Variables de entorno:

• USER_NAME:el usuario en el contenedor, iniciará sesión desde su máquina local.
• PUID y PGID:UID y GID de USER_NAME. Esto es opcional, el contenedor asignará un par de ID no raíz automáticamente si las variables de entorno no están configuradas.
• TZ:su zona horaria actual.
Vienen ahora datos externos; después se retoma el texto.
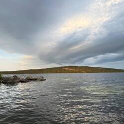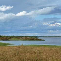 Ooooh Petrus, das ist nicht gut für deine Blase, wenn du es so lange einhältst. Hat der alte Mann doch wirklich die ganze Nacht durch Besuch von seiner alten Freundin Inkontinenzia gehabt. Mehr als 24 Stunden hat es bis auf eine halbe Stunde durchgehend geregnet, in der Nacht sogar noch deutlich stärker. Respekt. Das Geprassel auf dem Zelt hat mich erst spät schlafen lassen und so ist es schon halb neun durch, als ich heute aufwache. Immerhin, es regnet. Einen Moment die Augen gerollt, dann ein Blick raus. Da hinten ist Azur dabei, sehr beruhigend. Tatsächlich hört der Regen während des Frühstücks mehr und mehr auf, ich bin guter Dinge und würde jetzt eh weiterfahren, egal welcher Segen da niederkommt. Nachdem ich alles vorbereitet habe, schaffe ich es ausgerechnet heute unter diesen Umständen, die straffe Haut des Dachstuhls mit einem Mal trockenzuwischen ohne noch einmal dranzumüssen. Jetzt nichts wie einpacken und los geht’s gegen elf bei 13 Grad. Was ich vor mir so rumschweben sehe, ist durchaus für weitere Wolkenbrüche brauchbar, aber die paar hellen blauen Stellen sagen mir, es wird gut. Und tatsächlich schieben sich unglaublich tolle Formationen von tief dunkelgrauen Wolken durch, die aber immer wieder durchschnitten oder zerrissen sind und das Sonnenlicht dazwischen nicht verbergen können, so sehr sie sich auch mühen. Ich merke, das wird ein echter Panoramatag. Würde mir wünschen, einen Schwanenhals zu haben, weil meiner für die unglaubliche Szenerie nicht ausreichend ist oder ich ständig im Kreis fahren würde. Diese Landschaft Richtung Südwesten mit ihren weichen Formen, so unheimlich weit überschaubar, gesäumt von Birkenwald, auf einigen der Höhen ist es auch nur noch am Boden grün, da die Baumgrenze schon überschritten ist. Immer mal wieder Seen oder ein Fluss, der sie miteinander verbindet. Nun ist mir diese Gegend nicht völlig unbekannt, denn in Kautokeino, dem Ziel des heutigen Ausritts, habe ich letztes Jahr am 25. September meine Wanderung beendet, nachdem der Winter mich einige Tage vorher eingeholt hatte. Aber in diesem Licht und aus dieser Richtung habe ich es natürlich nicht gesehen, umso schöner. Gegen halb zwölf sehe ich schon vom weiten auf dem Vuottašjávri ein Wassertaxi stehen, natürlich biege ich pro forma von der Straße ab, um mal zu sehen, ob hier was los ist. Aber rund ums „Mosquito Air Taxi“ ist Totenstille und extra jemanden anrufen will ich nicht. Es rollt sich heute Morgen übrigens unglaublich toll, die Aufs und Abs der Straße nehme ich nicht als schwierig war, sondern fühle mental enormen Rückenwind. Immer wieder bremse ich aber auch schnell runter und steige ab, um ein Foto zu machen. Versuche, diese Wolkengebilde und -gebäude irgendwie festzuhalten, aber wenn schon meine Augen kaum in der Lage dazu sind, wie kann es dann die schnöde Linse dieses kleinen Telefons sein? Je nachdem, in welche Richtung ich blicke, ist es schon heller und blauer, vor mir haben die Wolkenkontraste alles von weiß bis fast schwarz angenommen. In weiterer Entfernung sehe ich schon höhere Erhebungen, schließlich sind in 50-60 Kilometern auch schon die wunderschönen Berge, durch die ich im letzten Herbst Richtung Norden gewandert kam. Das Gebiet hier ist typisches Samiland, recht deutlich an den einzelnen Häusern und Gehöften mit all den ebenso typischen Sachen wie Schneemobilen, Sixwheelern und einer Menge „Hausrat“ außenrum zu erkennen. Aber auch immer mal wieder an den seitlich der Straße gelegenen Rentierpferchen zu sehen, die meistens eine Verladerampe haben. Um kurz nach eins komme ich an und dann auch über den Fluss Kautokeinoelva, es ist inzwischen Zeit, bei gut 18° alles an Klamotten von mir zu werfen, was nicht zwingend benötigt wird.. Nachdem ich ihn überquert habe, endet hier die Inlandsstraße 92, ich biege links südlich auf die Europastraße 45 ab, die gleichzeitig als EuroVelo 7 die Sunroute nach Malta ist. Ein paar Kilometer darauf habe ich ja weiter nördlich schon gefahren, als ich auf dem Weg zum Kap war. Gegen halb drei reizt mich linkerhand die Zufahrt zum Skuvlajávri, ich will gerne bis an diesen See heran fahren. Ein ziemlich sandiger Weg führt von der Straße ab und nachdem ich ein Stück weit gefahren bin, sehe ich von weitem erst einen Hund und etwas später auch das Herrchen dazu. Die beiden allerdings recht weit auseinander, der Hund deutlich näher bei mir. Es ist eine Husky-Hündin, die mit aufgestellten Ohren dort steht, mich schon von weitem anbellt und dann stracks auf mich zukommt. Inzwischen angehalten konzentriere ich mich darauf, was wohl jetzt passiert. Der Hund bleibt immer noch mal stehen, bellt und knurrt. Ich bekomme langsam ein Gefühl dafür, dass er es doch nicht gar so ernst meint. Irgendwann schleicht er in den seitlichen Büschen eher um mich herum und als sein Herrchen dann in meiner Nähe ist, gibt der mir zu verstehen, dass sie eine sehr liebe ist, er aber trotzdem versteht, dass ich jetzt unsicher war. Der kleine Ausflug lohnt sich am Ende nicht wirklich, da dieser Weg gar nicht bis an den See rangeht und so habe ich diesen Kilometer hin und zurück für Volk und Vaterland gefahren. Gegen halb vier erkenne ich schon aus einiger Entfernung ein paar Häuser von Kautokeino, unter anderem die Kirche. Direkt am Ortseingang neben einem Schnellimbiss sitze ich noch mal kurz auf einer Bank, unterhalte mich mit ein paar Leuten hier aus dem Ort und bin dann gegen vier tatsächlich am Ziel. Die 3 km durch das kleine Städtchen geht es nur bergab und schon spreche ich bei Ole, dem Betreiber des Duottar(Tundra)-Camping vor, checke für diese Reise mit dem Zelt ein. Ein kurzes Schwätzchen zum Auffrischen unserer letztjährigen Bekanntschaft, ein kleiner Einkauf im nahen Supermarkt und noch das Zelt aufgebaut, schon bin ich fertig für die Sauna um 18 Uhr. Darauf habe ich mich den ganzen Tag gefreut und genieße diese halbe Stunde in vollen Zügen. Anschließend schwimme ich n

Puede obtenerlo por cat /etc/timezone .
• PUBLIC_KEY_FILE:La ubicación del archivo de clave pública
• SUDO_ACCESS &PASSWORD_ACCESS:Se explica por sí mismo.

Política de reinicio: Establecí la política de reinicio "siempre" que reiniciará el contenedor incluso si se vuelve a cargar el demonio.

Implementar el servicio

Para facilitarle las cosas, he creado un script de Bash que le hará un par de preguntas y, en función de la respuesta, implementará el servicio.

#! /usr/bin/env bash

vars=("ID" "USER_NAME")
defaults=("991" "dummy")
questions=("What'd be your preferred UID & GID for the username of your choice? [default] " "Your preferred username for the container? [dummy] ")

put()
{
    echo "$1" >> .env
}

for i in {1..0}; do
    read -p "${questions[$i]}" ans
    case $ans in
        ""|"default")
            put "${vars[$i]}=${defaults[$i]}" ;;
        *)
            put "${vars[$i]}=$ans" ;;
    esac
done

put "TZ=$(cat /etc/timezone)"

docker-compose up -d

Guardé el script bash como deployment.sh en el mismo directorio donde se encontraba el archivo docker-compose.

Ahora, si ejecuta este script, le hará algunas preguntas y luego ejecutará el contenedor docker:

bash deploy.sh

Una vez hecho esto, intente iniciar sesión en el servidor:

ssh [email protected] -p port 

Con esto concluye este artículo sobre ssh con contenedores docker. Si te gustó o tienes algo más que mencionar, no dudes en comentar a continuación o enviarme un tweet a @imdebdut.

Si desea que escriba algún otro artículo, no dude en hacérmelo saber.